Der 59-Jährige sagte der „Süddeutschen Zeitung“ (Montagausgabe), seine Positionen seien im Landesvorstand nicht mehrheitsfähig gewesen. Schon vor seinem Rücktritt war der Landeschef dem Bericht zufolge wochenlang interner Kritik ausgesetzt gewesen.

Anlass dafür sei ein Interview gewesen, das Wendl Mitte April der „Bayerischen Staatszeitung“ gegeben hatte. Darin hatte sich der Linken-Vorsitzende für regional gestaffelte Mindestlöhne ausgesprochen. Als Wendl, der selbst jahrelang dem Aufsichtsrat der Rhön Kliniken AG angehört hatte, auch noch laut darüber nachdachte, was man von privaten Klinikbetreibern lernen könne, war die Geduld der Parteibasis der Linken offenbar erschöpft. Sie warf ihrem Landesvorsitzenden „Verrat an der eigenen Sache“ vor.
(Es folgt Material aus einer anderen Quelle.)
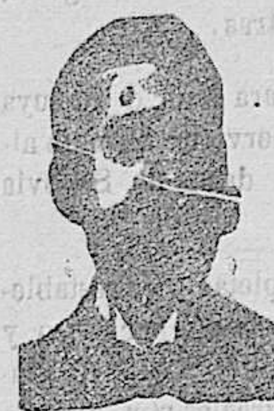
Alfredo Costanzi Diputación, 435, et.º Barc.º

Preparación la más racional para curar la tuberculosis, bronquitis, catarros crónicos, infecciones gripales, enfermedades consuntivas, inapetencia, debilidad general, postración nerviosa, neurastenia, impotencia, enfermedades mentales, caries, raquitismo, escretulismo, etc. Frasco 2'50 pesetas. Depósito: Farmacia del Doctor Benedicto, San Bernardo, 41, Madrid; y en Segovia: Farmacia y Droguería de Julio de la Torre Bartolomé, Juan Bravo, 47 y 63. En Cuéllar: Farmacia de viuda de Lozano, En Sangreña: Farmacia de Gómez García, y en Bilbao, Santander, Gijón y Vigo, la S. E. de Droguería General.

Der zurückgetretene Vorsitzende gilt der Zeitung zufolge als enger Vertrauter des in seinem bayerischen Landesverband ebenfalls unbeliebten Bundesvorsitzenden Klaus Ernst. Beide sind Mitglieder des Gewerkschaftsflügels der Partei. Bei dem bayerischen Landesverband war zunächst niemand für eine Stellungnahme zu erreichen.

Wendl bildete bislang mit Eva Mendl eine Doppelspitze bei den bayerischen Linken. Im April waren beide auf einem Sonderparteitag zu neuen Landessprechern gewählt worden.